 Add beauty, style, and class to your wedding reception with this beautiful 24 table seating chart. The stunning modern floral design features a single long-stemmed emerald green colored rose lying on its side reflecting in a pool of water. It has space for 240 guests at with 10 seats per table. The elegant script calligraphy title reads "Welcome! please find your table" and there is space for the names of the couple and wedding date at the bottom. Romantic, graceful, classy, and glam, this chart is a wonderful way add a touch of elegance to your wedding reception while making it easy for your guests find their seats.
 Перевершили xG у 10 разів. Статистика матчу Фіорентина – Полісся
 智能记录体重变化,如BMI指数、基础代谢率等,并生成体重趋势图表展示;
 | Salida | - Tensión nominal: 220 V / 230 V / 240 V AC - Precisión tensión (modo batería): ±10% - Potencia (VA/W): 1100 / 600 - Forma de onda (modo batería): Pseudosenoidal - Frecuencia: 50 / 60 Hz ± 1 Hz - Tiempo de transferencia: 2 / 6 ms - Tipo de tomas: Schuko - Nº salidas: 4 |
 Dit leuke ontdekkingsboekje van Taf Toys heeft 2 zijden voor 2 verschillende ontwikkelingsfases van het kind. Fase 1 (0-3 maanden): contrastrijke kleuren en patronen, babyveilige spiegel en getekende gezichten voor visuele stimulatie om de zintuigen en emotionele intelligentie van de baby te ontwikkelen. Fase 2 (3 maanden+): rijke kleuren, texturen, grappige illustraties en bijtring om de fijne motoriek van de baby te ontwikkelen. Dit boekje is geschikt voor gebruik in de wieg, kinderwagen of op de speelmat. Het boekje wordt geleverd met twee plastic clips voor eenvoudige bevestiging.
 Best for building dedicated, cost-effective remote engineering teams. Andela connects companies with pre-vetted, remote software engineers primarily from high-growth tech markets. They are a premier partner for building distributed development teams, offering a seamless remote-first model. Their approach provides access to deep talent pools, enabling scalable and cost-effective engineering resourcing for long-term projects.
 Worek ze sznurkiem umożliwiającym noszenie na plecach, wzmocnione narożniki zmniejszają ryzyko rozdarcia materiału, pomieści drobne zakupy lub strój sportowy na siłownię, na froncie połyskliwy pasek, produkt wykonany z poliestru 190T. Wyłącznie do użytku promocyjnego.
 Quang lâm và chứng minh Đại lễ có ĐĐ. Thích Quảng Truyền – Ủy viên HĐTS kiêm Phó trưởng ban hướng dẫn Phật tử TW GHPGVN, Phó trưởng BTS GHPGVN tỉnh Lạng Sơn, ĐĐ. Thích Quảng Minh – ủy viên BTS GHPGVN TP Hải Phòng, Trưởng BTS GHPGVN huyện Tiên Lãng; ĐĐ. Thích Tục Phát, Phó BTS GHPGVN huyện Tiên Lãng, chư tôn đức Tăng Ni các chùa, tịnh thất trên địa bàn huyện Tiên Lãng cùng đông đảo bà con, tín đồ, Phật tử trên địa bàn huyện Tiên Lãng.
_ _ _ _ _ _ _
§ Aim of the exercise: Transcribe, exactly as written, all lines of the entries above from the first to the one containing "salidas: 4 |", and no more.

§ Result of the exercise:
 Add beauty, style, and class to your wedding reception with this beautiful 24 table seating chart. The stunning modern floral design features a single long-stemmed emerald green colored rose lying on its side reflecting in a pool of water. It has space for 240 guests at with 10 seats per table. The elegant script calligraphy title reads "Welcome! please find your table" and there is space for the names of the couple and wedding date at the bottom. Romantic, graceful, classy, and glam, this chart is a wonderful way add a touch of elegance to your wedding reception while making it easy for your guests find their seats.
 Перевершили xG у 10 разів. Статистика матчу Фіорентина – Полісся
 智能记录体重变化,如BMI指数、基础代谢率等,并生成体重趋势图表展示;
 | Salida | - Tensión nominal: 220 V / 230 V / 240 V AC - Precisión tensión (modo batería): ±10% - Potencia (VA/W): 1100 / 600 - Forma de onda (modo batería): Pseudosenoidal - Frecuencia: 50 / 60 Hz ± 1 Hz - Tiempo de transferencia: 2 / 6 ms - Tipo de tomas: Schuko - Nº salidas: 4 |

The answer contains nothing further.